**Information provided**
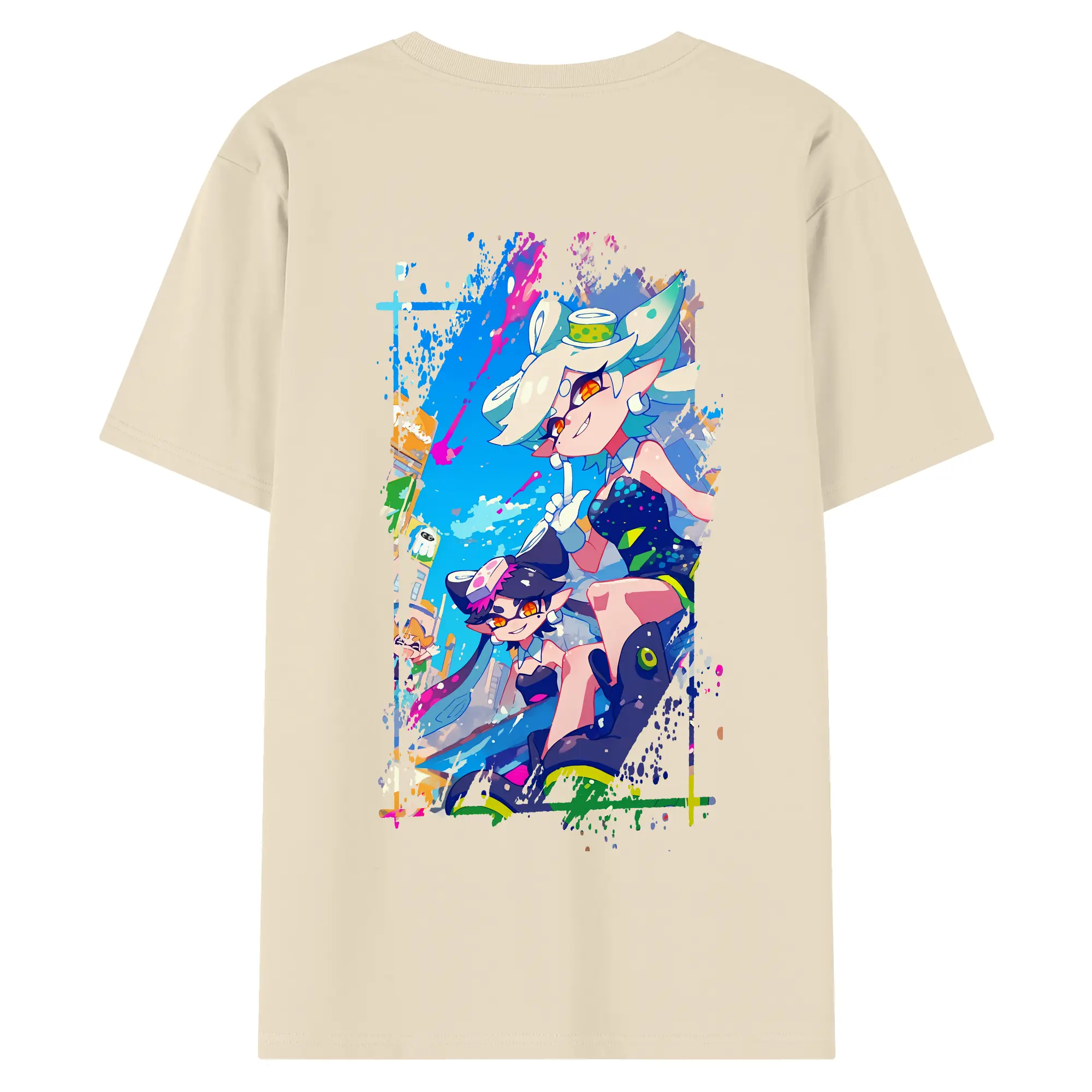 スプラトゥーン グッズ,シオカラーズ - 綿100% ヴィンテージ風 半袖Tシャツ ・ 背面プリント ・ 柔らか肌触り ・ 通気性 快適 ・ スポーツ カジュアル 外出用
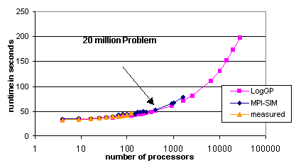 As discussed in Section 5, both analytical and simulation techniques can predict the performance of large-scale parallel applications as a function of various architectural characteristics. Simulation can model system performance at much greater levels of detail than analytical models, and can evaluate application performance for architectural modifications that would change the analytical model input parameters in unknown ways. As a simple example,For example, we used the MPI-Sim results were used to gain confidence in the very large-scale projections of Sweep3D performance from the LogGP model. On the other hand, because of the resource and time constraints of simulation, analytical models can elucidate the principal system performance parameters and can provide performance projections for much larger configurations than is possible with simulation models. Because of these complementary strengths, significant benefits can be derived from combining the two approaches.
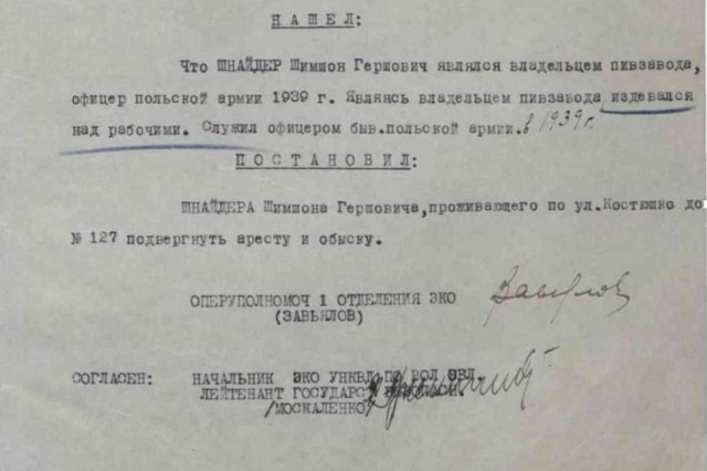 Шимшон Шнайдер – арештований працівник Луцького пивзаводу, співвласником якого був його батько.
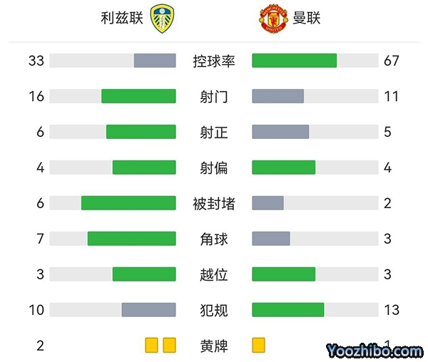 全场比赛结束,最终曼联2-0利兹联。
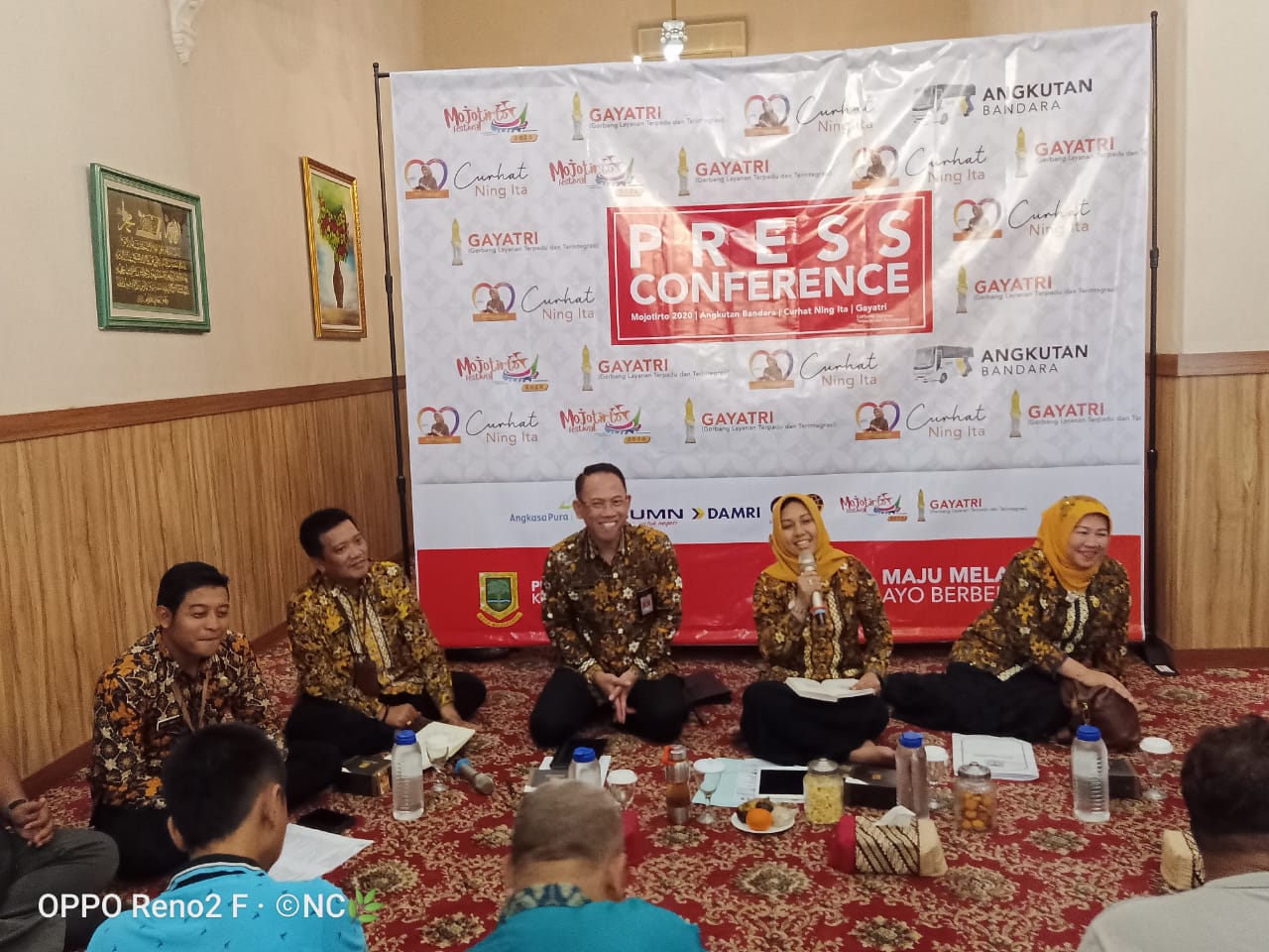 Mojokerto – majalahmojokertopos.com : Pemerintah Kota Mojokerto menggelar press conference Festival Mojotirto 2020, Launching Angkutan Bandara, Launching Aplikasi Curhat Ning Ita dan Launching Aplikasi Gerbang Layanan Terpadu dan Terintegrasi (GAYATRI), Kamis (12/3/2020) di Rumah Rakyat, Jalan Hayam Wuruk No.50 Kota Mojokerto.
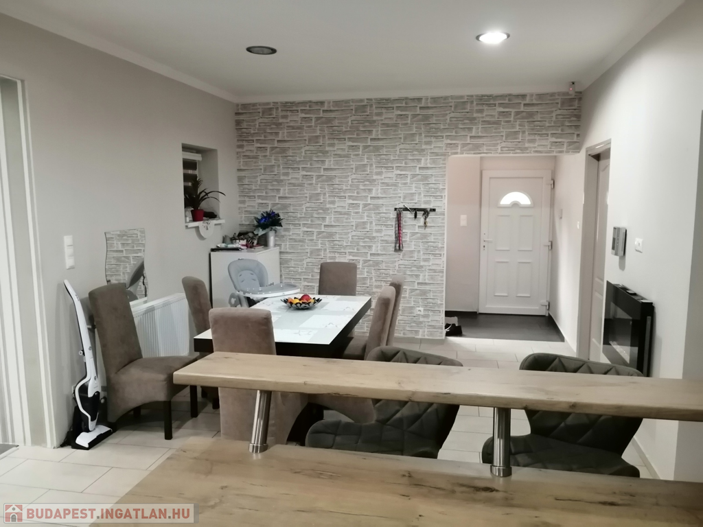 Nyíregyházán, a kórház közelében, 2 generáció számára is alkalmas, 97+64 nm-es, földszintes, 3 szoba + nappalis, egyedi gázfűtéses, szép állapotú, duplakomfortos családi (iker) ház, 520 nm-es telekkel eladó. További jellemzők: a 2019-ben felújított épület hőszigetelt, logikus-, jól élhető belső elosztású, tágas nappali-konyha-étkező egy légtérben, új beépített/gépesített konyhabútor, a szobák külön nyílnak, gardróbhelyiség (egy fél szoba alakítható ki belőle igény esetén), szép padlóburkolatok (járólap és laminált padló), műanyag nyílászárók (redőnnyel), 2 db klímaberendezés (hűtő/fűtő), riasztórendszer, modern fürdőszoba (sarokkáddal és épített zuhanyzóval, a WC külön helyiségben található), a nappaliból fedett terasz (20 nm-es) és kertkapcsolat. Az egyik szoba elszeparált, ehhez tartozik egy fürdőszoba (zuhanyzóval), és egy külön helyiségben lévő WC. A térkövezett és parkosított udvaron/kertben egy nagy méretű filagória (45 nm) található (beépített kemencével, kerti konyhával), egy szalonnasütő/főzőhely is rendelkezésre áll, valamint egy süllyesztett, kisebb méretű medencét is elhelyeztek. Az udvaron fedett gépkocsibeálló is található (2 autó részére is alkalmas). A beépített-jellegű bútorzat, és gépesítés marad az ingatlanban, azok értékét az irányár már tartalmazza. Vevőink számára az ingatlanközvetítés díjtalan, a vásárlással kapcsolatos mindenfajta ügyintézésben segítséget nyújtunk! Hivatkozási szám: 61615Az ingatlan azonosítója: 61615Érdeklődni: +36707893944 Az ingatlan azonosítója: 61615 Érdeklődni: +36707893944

**Your task**
Please transcribe every record above exactly as written, leaving out the pictures.

**Exercise answer**
 スプラトゥーン グッズ,シオカラーズ - 綿100% ヴィンテージ風 半袖Tシャツ ・ 背面プリント ・ 柔らか肌触り ・ 通気性 快適 ・ スポーツ カジュアル 外出用
 As discussed in Section 5, both analytical and simulation techniques can predict the performance of large-scale parallel applications as a function of various architectural characteristics. Simulation can model system performance at much greater levels of detail than analytical models, and can evaluate application performance for architectural modifications that would change the analytical model input parameters in unknown ways. As a simple example,For example, we used the MPI-Sim results were used to gain confidence in the very large-scale projections of Sweep3D performance from the LogGP model. On the other hand, because of the resource and time constraints of simulation, analytical models can elucidate the principal system performance parameters and can provide performance projections for much larger configurations than is possible with simulation models. Because of these complementary strengths, significant benefits can be derived from combining the two approaches.
 Шимшон Шнайдер – арештований працівник Луцького пивзаводу, співвласником якого був його батько.
 全场比赛结束,最终曼联2-0利兹联。
 Mojokerto – majalahmojokertopos.com : Pemerintah Kota Mojokerto menggelar press conference Festival Mojotirto 2020, Launching Angkutan Bandara, Launching Aplikasi Curhat Ning Ita dan Launching Aplikasi Gerbang Layanan Terpadu dan Terintegrasi (GAYATRI), Kamis (12/3/2020) di Rumah Rakyat, Jalan Hayam Wuruk No.50 Kota Mojokerto.
 Nyíregyházán, a kórház közelében, 2 generáció számára is alkalmas, 97+64 nm-es, földszintes, 3 szoba + nappalis, egyedi gázfűtéses, szép állapotú, duplakomfortos családi (iker) ház, 520 nm-es telekkel eladó. További jellemzők: a 2019-ben felújított épület hőszigetelt, logikus-, jól élhető belső elosztású, tágas nappali-konyha-étkező egy légtérben, új beépített/gépesített konyhabútor, a szobák külön nyílnak, gardróbhelyiség (egy fél szoba alakítható ki belőle igény esetén), szép padlóburkolatok (járólap és laminált padló), műanyag nyílászárók (redőnnyel), 2 db klímaberendezés (hűtő/fűtő), riasztórendszer, modern fürdőszoba (sarokkáddal és épített zuhanyzóval, a WC külön helyiségben található), a nappaliból fedett terasz (20 nm-es) és kertkapcsolat. Az egyik szoba elszeparált, ehhez tartozik egy fürdőszoba (zuhanyzóval), és egy külön helyiségben lévő WC. A térkövezett és parkosított udvaron/kertben egy nagy méretű filagória (45 nm) található (beépített kemencével, kerti konyhával), egy szalonnasütő/főzőhely is rendelkezésre áll, valamint egy süllyesztett, kisebb méretű medencét is elhelyeztek. Az udvaron fedett gépkocsibeálló is található (2 autó részére is alkalmas). A beépített-jellegű bútorzat, és gépesítés marad az ingatlanban, azok értékét az irányár már tartalmazza. Vevőink számára az ingatlanközvetítés díjtalan, a vásárlással kapcsolatos mindenfajta ügyintézésben segítséget nyújtunk! Hivatkozási szám: 61615Az ingatlan azonosítója: 61615Érdeklődni: +36707893944 Az ingatlan azonosítója: 61615 Érdeklődni: +36707893944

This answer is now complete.